## Exercise aim
From the listing below, output only the lines starting at the line that has "為做好大運(yùn)會(hu" and ending at the line that has "[충청뉴스큐] 충북 괴산군은", exactly as they appear, ends included.

## Data supplied
== Segment start ==

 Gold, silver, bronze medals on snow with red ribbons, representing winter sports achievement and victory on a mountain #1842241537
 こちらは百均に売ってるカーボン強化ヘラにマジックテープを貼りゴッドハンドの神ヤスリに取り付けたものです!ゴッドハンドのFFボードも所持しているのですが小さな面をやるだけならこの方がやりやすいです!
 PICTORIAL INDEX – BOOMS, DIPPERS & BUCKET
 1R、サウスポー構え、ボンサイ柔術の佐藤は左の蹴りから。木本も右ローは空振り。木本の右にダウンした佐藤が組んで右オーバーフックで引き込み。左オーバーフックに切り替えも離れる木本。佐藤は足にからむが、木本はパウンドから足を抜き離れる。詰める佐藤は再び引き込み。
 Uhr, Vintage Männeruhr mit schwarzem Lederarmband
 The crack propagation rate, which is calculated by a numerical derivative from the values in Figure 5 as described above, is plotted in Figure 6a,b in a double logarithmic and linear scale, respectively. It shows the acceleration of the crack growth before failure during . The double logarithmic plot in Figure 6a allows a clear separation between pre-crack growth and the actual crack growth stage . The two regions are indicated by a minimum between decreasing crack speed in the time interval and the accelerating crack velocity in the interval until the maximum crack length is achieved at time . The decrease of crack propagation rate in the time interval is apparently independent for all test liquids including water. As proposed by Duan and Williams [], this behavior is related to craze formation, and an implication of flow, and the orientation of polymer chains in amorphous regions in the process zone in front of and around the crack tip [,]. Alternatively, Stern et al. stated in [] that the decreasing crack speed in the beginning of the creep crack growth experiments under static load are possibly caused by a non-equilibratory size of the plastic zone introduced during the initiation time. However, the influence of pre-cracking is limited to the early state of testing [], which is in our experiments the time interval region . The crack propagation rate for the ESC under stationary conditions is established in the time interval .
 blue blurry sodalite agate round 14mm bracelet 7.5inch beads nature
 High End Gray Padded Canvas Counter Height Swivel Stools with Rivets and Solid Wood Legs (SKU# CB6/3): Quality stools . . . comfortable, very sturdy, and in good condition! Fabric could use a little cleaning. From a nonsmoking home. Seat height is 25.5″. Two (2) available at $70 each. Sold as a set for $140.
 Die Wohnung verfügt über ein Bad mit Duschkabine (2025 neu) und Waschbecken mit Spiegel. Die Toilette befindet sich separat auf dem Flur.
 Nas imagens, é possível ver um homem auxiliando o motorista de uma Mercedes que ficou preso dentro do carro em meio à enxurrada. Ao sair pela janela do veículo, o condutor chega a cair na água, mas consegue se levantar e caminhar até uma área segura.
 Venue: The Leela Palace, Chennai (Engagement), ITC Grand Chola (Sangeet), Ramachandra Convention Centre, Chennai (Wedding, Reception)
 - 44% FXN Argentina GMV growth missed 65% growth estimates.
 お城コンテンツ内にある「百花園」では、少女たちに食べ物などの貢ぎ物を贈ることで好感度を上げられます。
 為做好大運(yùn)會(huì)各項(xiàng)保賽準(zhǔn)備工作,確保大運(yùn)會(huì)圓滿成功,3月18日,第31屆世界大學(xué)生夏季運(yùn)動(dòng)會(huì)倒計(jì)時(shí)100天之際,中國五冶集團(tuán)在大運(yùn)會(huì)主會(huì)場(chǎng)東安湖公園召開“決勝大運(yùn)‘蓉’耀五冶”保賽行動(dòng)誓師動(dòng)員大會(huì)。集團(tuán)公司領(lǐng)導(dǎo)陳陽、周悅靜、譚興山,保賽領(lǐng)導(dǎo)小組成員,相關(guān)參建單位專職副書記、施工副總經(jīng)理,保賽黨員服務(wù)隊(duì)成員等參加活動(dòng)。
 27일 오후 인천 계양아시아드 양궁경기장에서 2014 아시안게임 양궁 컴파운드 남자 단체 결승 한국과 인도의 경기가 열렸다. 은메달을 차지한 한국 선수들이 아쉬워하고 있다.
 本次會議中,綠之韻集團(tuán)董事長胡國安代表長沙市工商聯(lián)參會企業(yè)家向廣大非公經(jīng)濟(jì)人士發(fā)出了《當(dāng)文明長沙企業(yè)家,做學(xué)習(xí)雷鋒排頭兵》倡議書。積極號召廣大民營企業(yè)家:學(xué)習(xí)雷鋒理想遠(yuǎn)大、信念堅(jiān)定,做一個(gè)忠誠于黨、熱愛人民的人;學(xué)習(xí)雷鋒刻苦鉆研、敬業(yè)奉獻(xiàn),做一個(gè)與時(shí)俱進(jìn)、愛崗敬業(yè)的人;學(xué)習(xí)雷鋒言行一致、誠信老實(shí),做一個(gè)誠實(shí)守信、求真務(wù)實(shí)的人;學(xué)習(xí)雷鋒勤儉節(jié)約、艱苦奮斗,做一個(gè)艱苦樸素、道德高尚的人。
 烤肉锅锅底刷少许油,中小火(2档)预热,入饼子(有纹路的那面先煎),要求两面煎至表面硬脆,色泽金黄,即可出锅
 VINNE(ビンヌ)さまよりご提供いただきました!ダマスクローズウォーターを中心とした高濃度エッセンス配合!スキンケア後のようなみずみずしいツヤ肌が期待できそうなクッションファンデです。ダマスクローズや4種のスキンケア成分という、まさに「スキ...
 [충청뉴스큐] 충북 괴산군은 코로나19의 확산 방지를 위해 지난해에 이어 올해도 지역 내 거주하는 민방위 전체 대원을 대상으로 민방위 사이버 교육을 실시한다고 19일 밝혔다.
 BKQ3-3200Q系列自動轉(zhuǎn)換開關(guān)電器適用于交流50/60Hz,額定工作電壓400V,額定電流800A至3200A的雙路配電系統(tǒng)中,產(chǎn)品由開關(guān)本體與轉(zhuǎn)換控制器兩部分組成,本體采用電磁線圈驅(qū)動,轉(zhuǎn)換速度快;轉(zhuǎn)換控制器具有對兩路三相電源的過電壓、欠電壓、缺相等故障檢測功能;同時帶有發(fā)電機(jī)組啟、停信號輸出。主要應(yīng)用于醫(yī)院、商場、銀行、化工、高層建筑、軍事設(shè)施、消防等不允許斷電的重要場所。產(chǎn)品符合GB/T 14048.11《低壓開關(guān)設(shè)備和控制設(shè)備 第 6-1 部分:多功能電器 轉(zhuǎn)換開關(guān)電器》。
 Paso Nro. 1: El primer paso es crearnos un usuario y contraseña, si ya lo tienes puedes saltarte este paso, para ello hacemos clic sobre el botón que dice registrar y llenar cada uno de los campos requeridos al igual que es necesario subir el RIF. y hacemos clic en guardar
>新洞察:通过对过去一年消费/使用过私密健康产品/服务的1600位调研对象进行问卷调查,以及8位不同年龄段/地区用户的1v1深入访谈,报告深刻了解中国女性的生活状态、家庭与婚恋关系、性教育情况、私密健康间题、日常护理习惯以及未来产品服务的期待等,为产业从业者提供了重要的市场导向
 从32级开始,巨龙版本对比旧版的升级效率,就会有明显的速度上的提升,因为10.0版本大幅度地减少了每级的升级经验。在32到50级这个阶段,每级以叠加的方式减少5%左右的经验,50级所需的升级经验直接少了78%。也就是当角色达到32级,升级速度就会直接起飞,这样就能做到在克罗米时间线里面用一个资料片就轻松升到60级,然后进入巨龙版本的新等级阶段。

== Segment end ==

## Task solution
 為做好大運(yùn)會(huì)各項(xiàng)保賽準(zhǔn)備工作,確保大運(yùn)會(huì)圓滿成功,3月18日,第31屆世界大學(xué)生夏季運(yùn)動(dòng)會(huì)倒計(jì)時(shí)100天之際,中國五冶集團(tuán)在大運(yùn)會(huì)主會(huì)場(chǎng)東安湖公園召開“決勝大運(yùn)‘蓉’耀五冶”保賽行動(dòng)誓師動(dòng)員大會(huì)。集團(tuán)公司領(lǐng)導(dǎo)陳陽、周悅靜、譚興山,保賽領(lǐng)導(dǎo)小組成員,相關(guān)參建單位專職副書記、施工副總經(jīng)理,保賽黨員服務(wù)隊(duì)成員等參加活動(dòng)。
 27일 오후 인천 계양아시아드 양궁경기장에서 2014 아시안게임 양궁 컴파운드 남자 단체 결승 한국과 인도의 경기가 열렸다. 은메달을 차지한 한국 선수들이 아쉬워하고 있다.
 本次會議中,綠之韻集團(tuán)董事長胡國安代表長沙市工商聯(lián)參會企業(yè)家向廣大非公經(jīng)濟(jì)人士發(fā)出了《當(dāng)文明長沙企業(yè)家,做學(xué)習(xí)雷鋒排頭兵》倡議書。積極號召廣大民營企業(yè)家:學(xué)習(xí)雷鋒理想遠(yuǎn)大、信念堅(jiān)定,做一個(gè)忠誠于黨、熱愛人民的人;學(xué)習(xí)雷鋒刻苦鉆研、敬業(yè)奉獻(xiàn),做一個(gè)與時(shí)俱進(jìn)、愛崗敬業(yè)的人;學(xué)習(xí)雷鋒言行一致、誠信老實(shí),做一個(gè)誠實(shí)守信、求真務(wù)實(shí)的人;學(xué)習(xí)雷鋒勤儉節(jié)約、艱苦奮斗,做一個(gè)艱苦樸素、道德高尚的人。
 烤肉锅锅底刷少许油,中小火(2档)预热,入饼子(有纹路的那面先煎),要求两面煎至表面硬脆,色泽金黄,即可出锅
 VINNE(ビンヌ)さまよりご提供いただきました!ダマスクローズウォーターを中心とした高濃度エッセンス配合!スキンケア後のようなみずみずしいツヤ肌が期待できそうなクッションファンデです。ダマスクローズや4種のスキンケア成分という、まさに「スキ...
 [충청뉴스큐] 충북 괴산군은 코로나19의 확산 방지를 위해 지난해에 이어 올해도 지역 내 거주하는 민방위 전체 대원을 대상으로 민방위 사이버 교육을 실시한다고 19일 밝혔다.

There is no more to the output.